Additionally, Holder and Jones forwarded the notion that Twitter, while introducing people to a larger variety of information, may be limiting the amount of information they

consume on a deeper-than-surface level. Holder said that he believes Twitter probably causes all who use it, for journalistic purposes and otherwise, to “read a little less.” While Jones added, “I don’t know how often people are actually clicking links that they see on Twitter, beyond getting their news in 140-character bytes and reading headlines, instead of actual content. I can see that as being kind of dangerous in just getting the news that you want, instead of the full story with the full context.” She said that she regularly fields questions on Twitter that are answered within the links included in particular tweets, but, because some, lazy readers do not click through to the links to read larger stories or blog posts, they do not know that the answers are there.

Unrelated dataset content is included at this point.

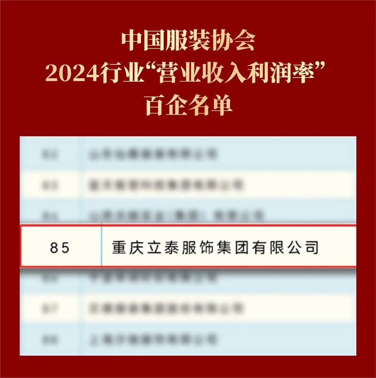 重慶立泰服飾集團(下稱“立泰集團”)入選中國服裝協會2024行業“營業收入利潤率”百企名單,成為重慶市服裝行業唯一上榜企業,充分展現了立泰集團強大的綜合實力。

One final pitfall introduced by several of the journalists is the learning curve involved, which can be associated with any new technology. As Elliott noted, the demographic for Twitter seems to “skew kind of young,” so that may put older journalists at a disadvantage. For instance, Wise answered a question about the large volume of replies to mentions by readers on his

Twitter feed, as opposed to other types of messages, by stating, “I hate to admit this, but I didn’t really know what the mentions thing meant, and so I was sort of one of these ignoramuses where I didn’t really know how people were responding to me or who was responding to me… So lately I’ve just found out what the mentions thing meant in the last month or so.” Furthermore, Davidoff illustrated how such miscues are not always related to not having learned about the technology, but also not paying full attention all of the time: “You can occasionally screw up. I

almost put my cell phone [number] on Twitter, because I thought I was responding to a direct message with somebody. I was responding on my cell phone… and the next thing I knew, I got two or three phone calls from strangers saying, ‘Hello, is this Ken?’ And I said, ‘Oh, boy.’ It was probably up there for about a minute.” Davidoff also mentioned how he has routinely seen public tweets that were clearly meant to be private direct messages.